①「Tonight's The Night」 の冒頭から流れるようなスムーズな音色の上にミキの声が乗る。もうコレだけで彼の存在感を意識させられる。「歌があんまりうまくないんじゃ…?」そんなことが小さいことに感じてしまう。それにつづく ②「I Want U」。原曲に忠実にメロウに仕上げるかと思いきや、少々エッジを効かせた“ハネ”で楽しませてくれる。

そして早くもお楽しみのスロウタイム。③「This Kinda Luv」は内省的な私小説?暗いトーンにピアノの旋律が繊細な佳曲である。そこに丁寧に声を重ねていく。筆者の大好きな1曲となった。余談だが、この楽曲が好きであれば是非お勧めしたいのは、モンテル・ジョーダン(Montell Jordan)の「What's On Tonight」。ピアノの切ない音色に同じ世界観を感じる。

-アイズレー色-

スロウタイムはまだまだ続く。 ④「Can I Come Over」はピースフルな、⑤「Everlasting Love」はエロティックな、⑦「Lay Your Hands On Me」は、アーニー(Ernie Isley)がギターを弾いてくれているような(「Voyage To Atrantis」っぽい)それぞれの楽曲でひとりアイズレー(The Isley Brothers)を楽しんでいる。

ミディアムの2曲を挟んで、こんどはダウンロウ調な⑩「Heaven's Missing An Angel」。90年代のメロディにニュージャックっぽい音を挟み込んだ温故知新な楽曲だ。また、⑪「Still n Luv」アイズレー・ジャスパー・アイズレー(Isley Jasper Isley)「Caravan Of Love」をアップデイトした風味。
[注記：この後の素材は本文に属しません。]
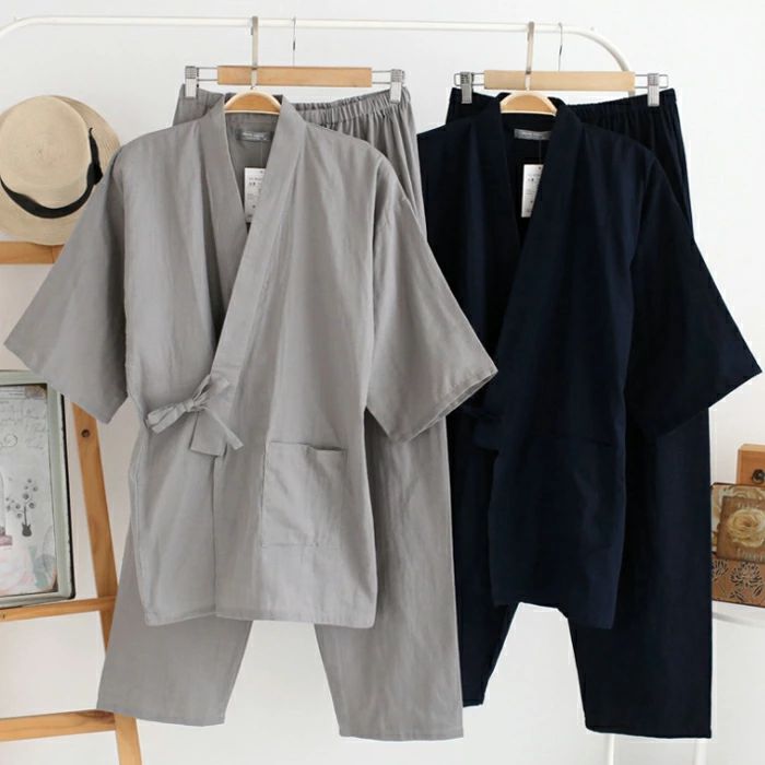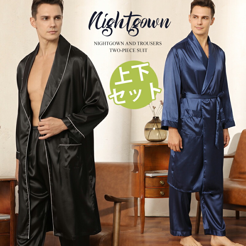バスローブ メンズ 夏 薄手 上下セット ルームウエア ナイトガウン 部屋着 パジャマ 膝丈 通気性 無地 紳士 スリップ パジャマセット 男性 温泉 ホテル 軽量 風呂上がり サ
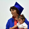KKÜ Mavi Salon''da düzenlenen diploma törenine ailesiyle katılan Çanga, mezuniyet belgesini 9 aylık torunuyla aldı.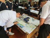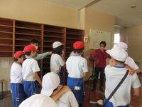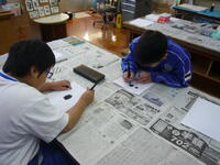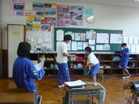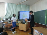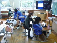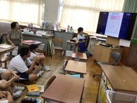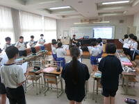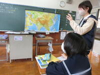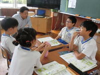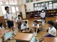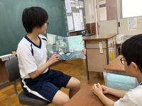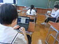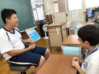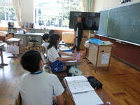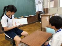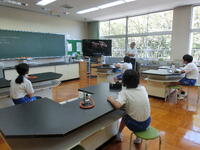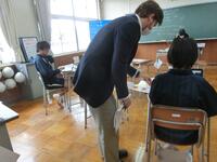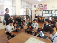 ローマ字の学習を終えた小学校3年生が、タブレットのローマ字入力の練習を始めていました。ICT専門の先生にもついていただいて、とても意欲的に取り組んでいました。小学校4年生は、算数の「面積」の学習で、新聞紙を使って「1平方メートル」を作っていました。1メートル物差しを駆使しながら、広い教室で伸び伸びと活動していました。中学2年生は、ALTの先生と新しい構文の練習をしていました。人気キャラクターを使っての会話で、大盛り上がりしながら取り組んでいました。

いたるところにアイズレーな音色が散りばめられており、そこが魅力とも言えるのではないだろうか。

-レジェンドへのリスペクト-

リオン・ウェアのアルバム・タイトルを意識しながら、中身はアイズレー。もちろんそれだけではないのだが、レジェンドたちに、正面からしっかりと敬意を払っている。とにかくながく聴いていたい、タイムレスな良作になっている。